Used Utah American Indian Digital Archive first since it was a large collection. Wanted to do further reconciliation for the names Backstage wasn’t able to match and see if we could enhance the collections even more.
We tested out two different approaches to matching personal names to see what would work best.
Found better results with matching just against LC name authorities, as would be expected since the collection we were working on was a regional Utah collection.
We have no Carlos Santana materials in this collection!
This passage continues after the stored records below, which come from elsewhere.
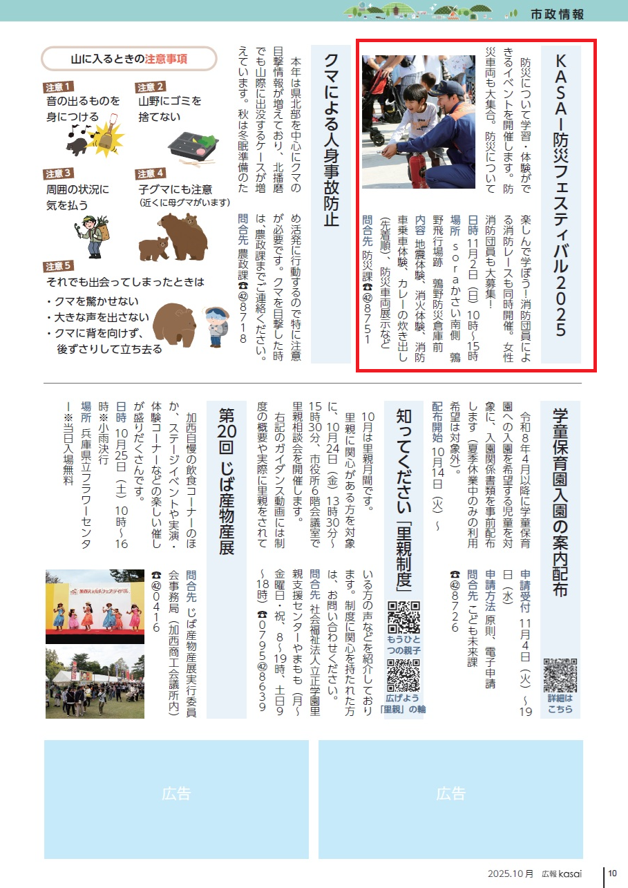 KASAI防災フェスティバル2025 14/43 2025.10.01 兵庫県加西市 記事を読み上げる 防災について学習・体験ができるイベントを開催します。防災車両も大集合。防災について楽しんで学ぼう!消防団員による消防レースも同時開催。女性消防団員も大募集! 日時:11月2日(日)10時~15時 場所:soraかさい南側 鶉野飛行場跡 鶉野防災倉庫前 内容:地震体験、消火体験、消防車乗車体験、カレーの炊き出し(先着順)、防災車両展示など 問合先:防災課 【電話】42-8751 グローバルセンターからのお知らせ クマによる人身事故防止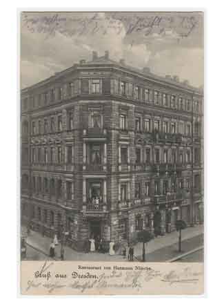 Blick auf das Restaurant Hermann Nitsches. Historische Ansichtskarte um 1905.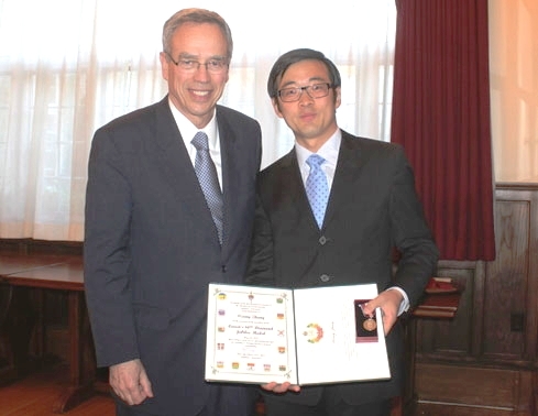 ![]() 法轮功学员张丕兴在多伦多接受加拿大自然资源部长欧理华(Joe Oliver)代表政府颁发的英女王伊丽莎白二世钻石纪念奖章(Queen Elizabeth II Diamond Jubilee Medal)。 |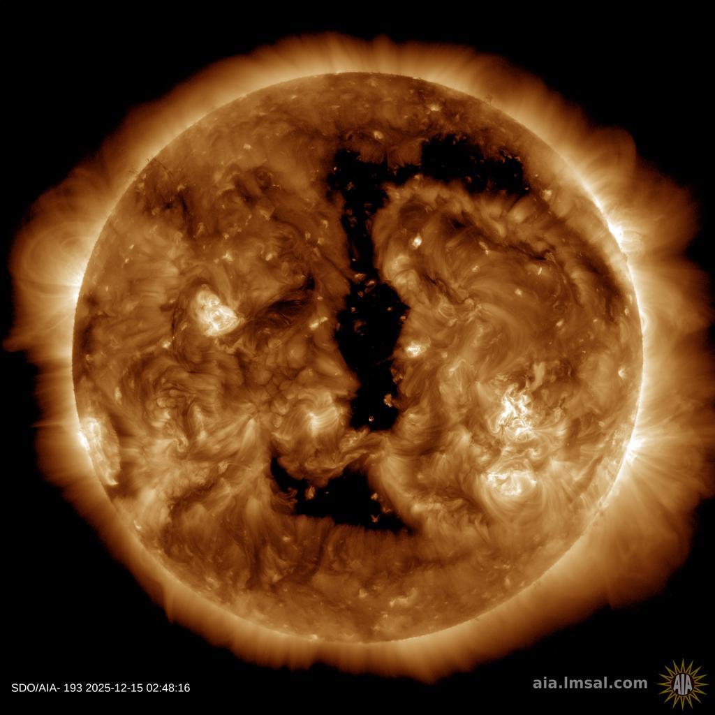 Solar wind flowing from this equatorial coronal hole should reach Earth on Dec. 17-18.
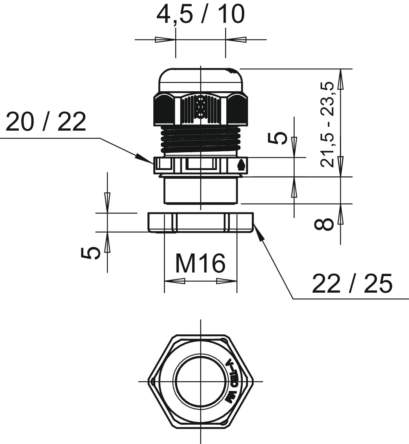 Bend protection no CO2 Footprint (GWP) Cradle-to-Gate 0,0375 kg CO2e / 1 Piece Colour Light grey; RAL 7035 Dimension M16 Dimension E1 (mm) 22 mm Dimension E2 25 mm Dimension L max. 23,5 mm Dimension L min. 21,5 mm Dimension L1 8 mm Dimension L2 5 mm Dimension L3 5 mm explosion-proof no Fibre-glass reinforced no Flame-resistant acc. to VDE 0471/DIN 695 Part 2-1, test temperature 650°C Flat cable gland no For Ex zone Without For Ex zone dust Without For Ex zone gas Without Halogen-free yes Impact-resistant no Material Polyamide Nominal thread size 16 Permitted temperature range, max. 65 °C Permitted temperature range, min. -20 °C Protection rating IP68 Sealing area D, max. 10 mm Sealing area D, min. 4,5 mm Sealing insert, multiple no Splittable gland no Strain relief option yes Thread M16 x 1,5 Thread increase 1,5 mm Thread length 8 mm Thread type Metric Type of seal Sealing ring Unstable torque 2 Nm Version for Straight WAF 1 20 mm WAF 2 22 mm With locknut no - All types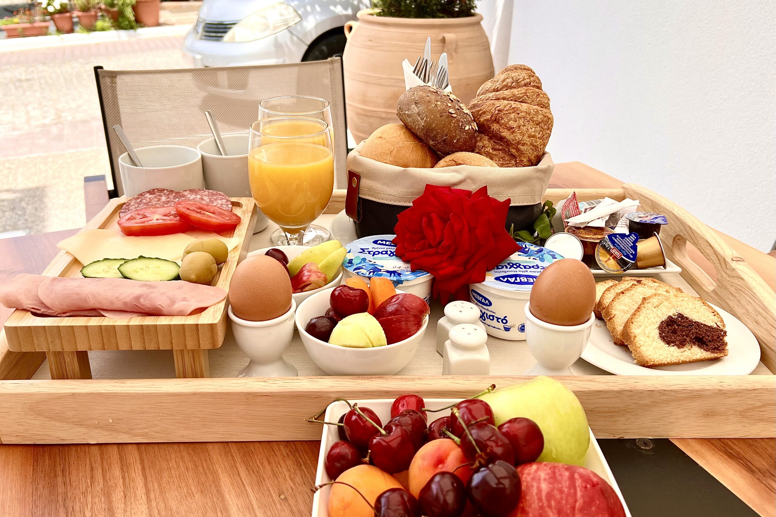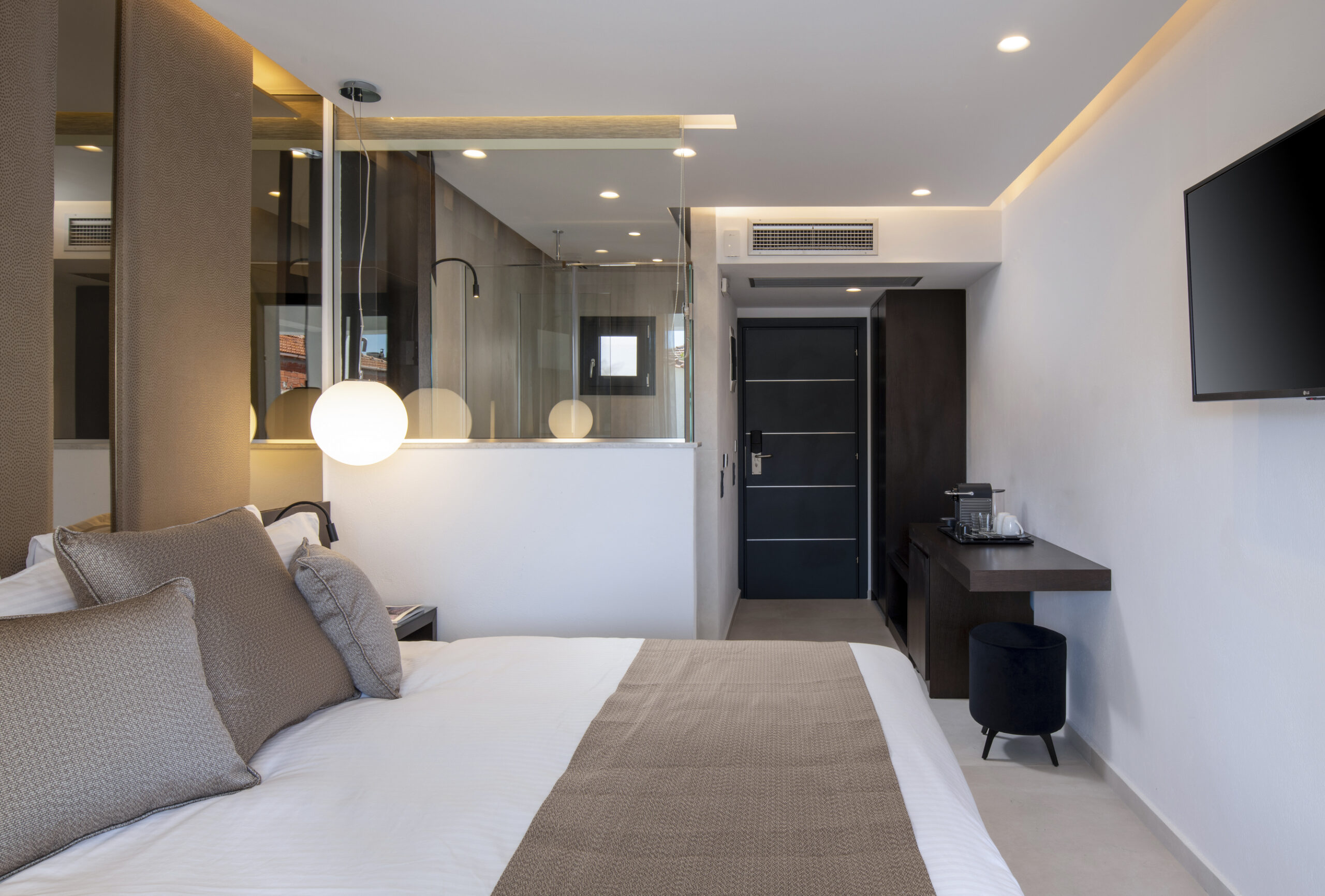Alexandrion Appartements Down Town befindet sich sehr zentral ca. 100 Meter vom Dorfplatz und ca. 100 Meter vom Hauptstrand entfernt. Das Haus wurde 2023 neu in modernem Design gebaut und wird erstmals ab Juni 2023 vermietet werden. Exklusive Deluxe Appartements mit einzigartigem Design. Jedes der 9 Appartements ist im Boutique-Style unterschiedlich gestaltet und hochwertig ausgestattet. Alle unsere Betten sind von "CocoMat" und haben die höchste Qualität. Das ganze Bett vom Bettgestell bis zur Bettdecke ist aus Naturmaterialien. Bettuntergestell „Kouros“, Matratze Atlas, 1. Bett Topper „Iviskos“, 2. Bett Topper „Kyriaki“ 2x Kopfkissen „Morfeas“ und 2x Kopfkissen „Narkissos“ dazu Daunendecke „Alkeos“ und Wolldecke „Kleon“ Das Mobiliar wurde von den Möbeltischlern mit hochwertigem Holz nach Maß angefertigt. Die teils offenen Bäder haben den höchsten Standard. Alle Appartements sind an einer geräuschlosen zentralen Klimaanlage angeschlossen und können individuell gesteuert werden. Die Türen können mit einer Karte oder mit dem Mobiltelefon geöffnet werden. Alle Appartements verfügen über W-LAN, Smart/ SAT TV, einen Schreibtisch/ Arbeitsplatz, einen im Schrank integrierten Kühlschrank, einen versteckten Safe, eine Nespresso-Kaffeemaschine, Wasserkocher, Tee, Kaffee, Bad-Pflegeprodukte, Bademäntel, Hausschuhe, Haarfön, Dampfbügeleisen, Wäscheständer (an Balkonwand). Auf Wunsch servieren wir Ihnen gern ein Kontinentales Frühstück.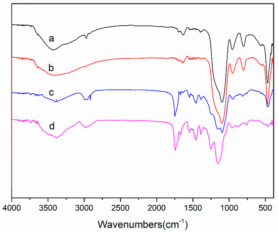 Figure 5 compares the FT-IR spectra of the SiO2, SiO2@MPS, MIPs, NIPs. In Figure 5a, the peak of 1099.2 cm−1 conformed with the Si–O–Si asymmetric stretching vibration, and the peaks above and under 468.4 cm−1 and 801.6 cm−1 could be attributed to the Si–O bending vibration and symmetrical stretching vibration, respectively. These strong peaks were typical SiO2 characteristic peaks. In comparison, Figure 5b shows the C=C absorption peak of the infrared spectrum of SiO2@MPS at 1646.6 cm−1, which indicated that the SiO2 was modified by KH-570. Figure 5c,d were approximately similar in shape, except for the peaks in Figure 5a,b, as well as the C=O vibrations of EGDMA at 1732.9 cm−1 and 1387.7 cm−1 peak and the C–H stretching peak. The amide I and amide II bands of NIPAM were observed at peaks 1637.7 cm−1 and 1545 cm−1, respectively, and 1456.2 cm−1 was marked as the –COO– stretching peak for MAA. The presence of these peaks indicated that the functional groups were present in each step of the synthesis. At the same time, a juxtaposition of Figure 5c,d informs the ability of the above characteristic peaks to prove that the imprinted layers were encapsulated on the surface of the spheres, and that the non-imprinted materials were also successfully prepared.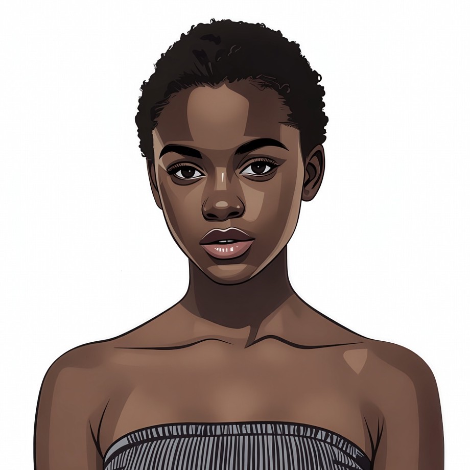 beautiful woman, black hair, brown eyes, dark skin, digital art, female, glossy lips, gray top, illustration, isolated background, portrait, short curly hair, shoulders, strapless top, striped top, tube top, woman, young woman, African-American woman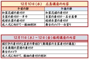 例えば、10日の広島講座では、「和装花嫁の着付け」「琉球衣裳の着付け特別講座」「成人式に向けた振袖実践講座」「舞台メイク➡白塗りのポイント」などです。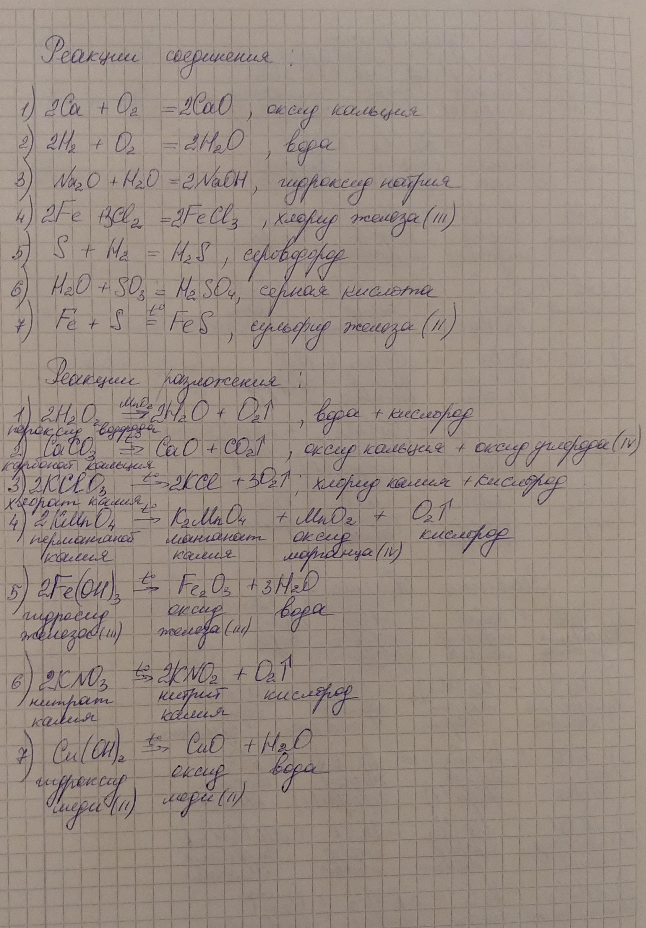 ПРИВЕДИТЕ ПРИМЕРЫ!реакции соединения, реакции разложения, реакции замещения и реакции обмена.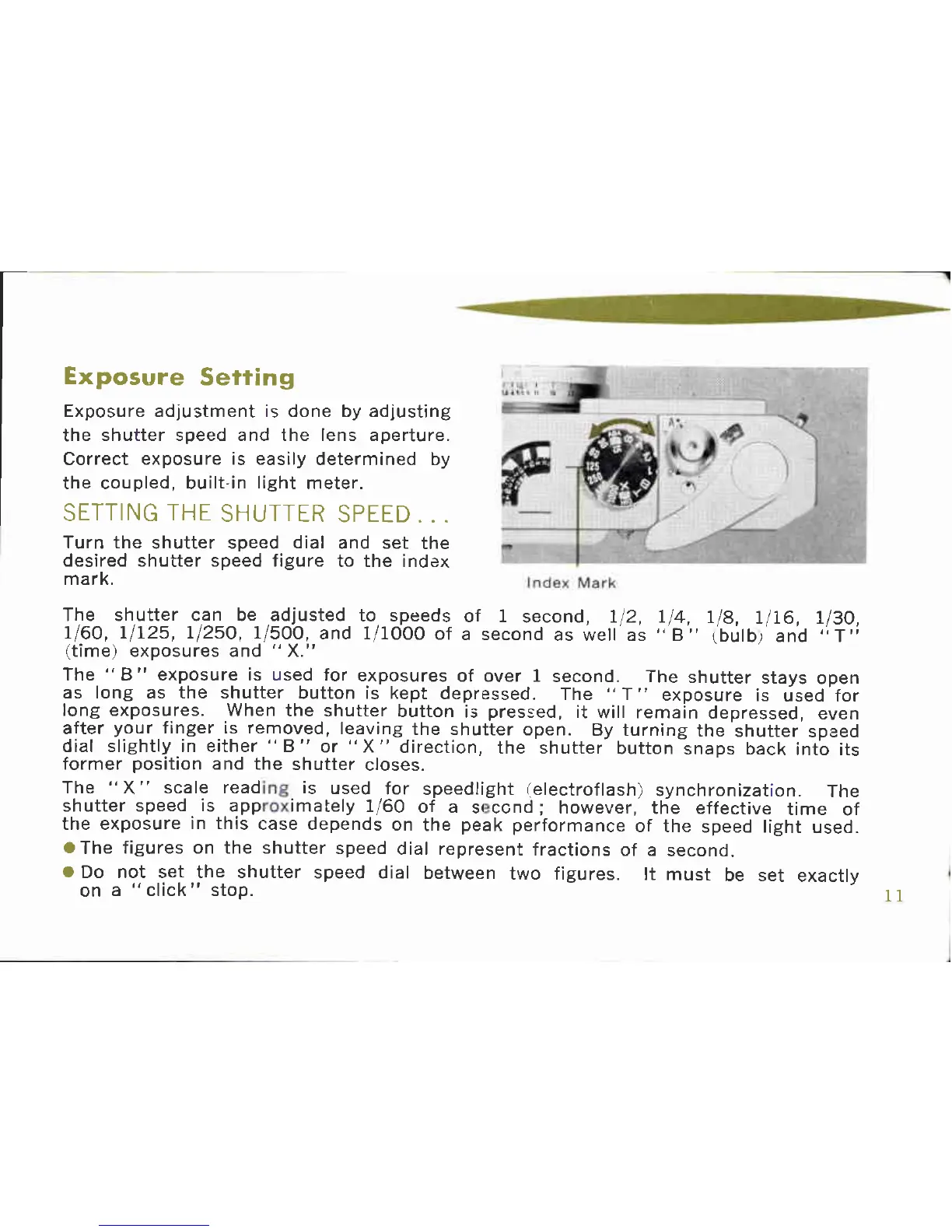 Canon 7 - Exposure Setting; SETTING THE SHUTTER SPEED

Manually reviewed matches in Open Refine.
Updated the desc.all file locally and reindexed the collection to get these changes live.
At the end of this we combined all the matched names, and did a further update of the Utah American Indian Digital Archive desc.all collection.
Skip-------
Wright and Carruthers process had 262 undo/redo actions in the open refine project
Page’s reconciliation process resulted in 424 undo/redo actions
Updating manually if only a few changes, but we can also script against the desc.all as we did with UAIDA if any of the other collections have extensive updates.
Create NACO records for notable people
Investigate local controlled vocabularies for more regional personal names
A few weeks ago, our metadata for our CONTENTdm collections was dumped into SOLR.
Expect it will be much easier to work with.
Building unified list of creators and contributors.
Want to explore additional means of reconciliation.
Put URIs in digital collections metadata, test how they appear in our repository, in MWDL, and DPLA.
We have been putting geonames URIs in our metadata, but not personal name URIs yet.
Could easily add the URIs at a future date when our repository can do more with them.
Have several collections now where we have confidence in our metadata being cleaned up and matched to authorities, so this is a great base as we want to explore using Linked Data more.
We have an article coming out in the Journal of Library Metadata that goes into greater detail about what I presented here today. Happy to take your questions.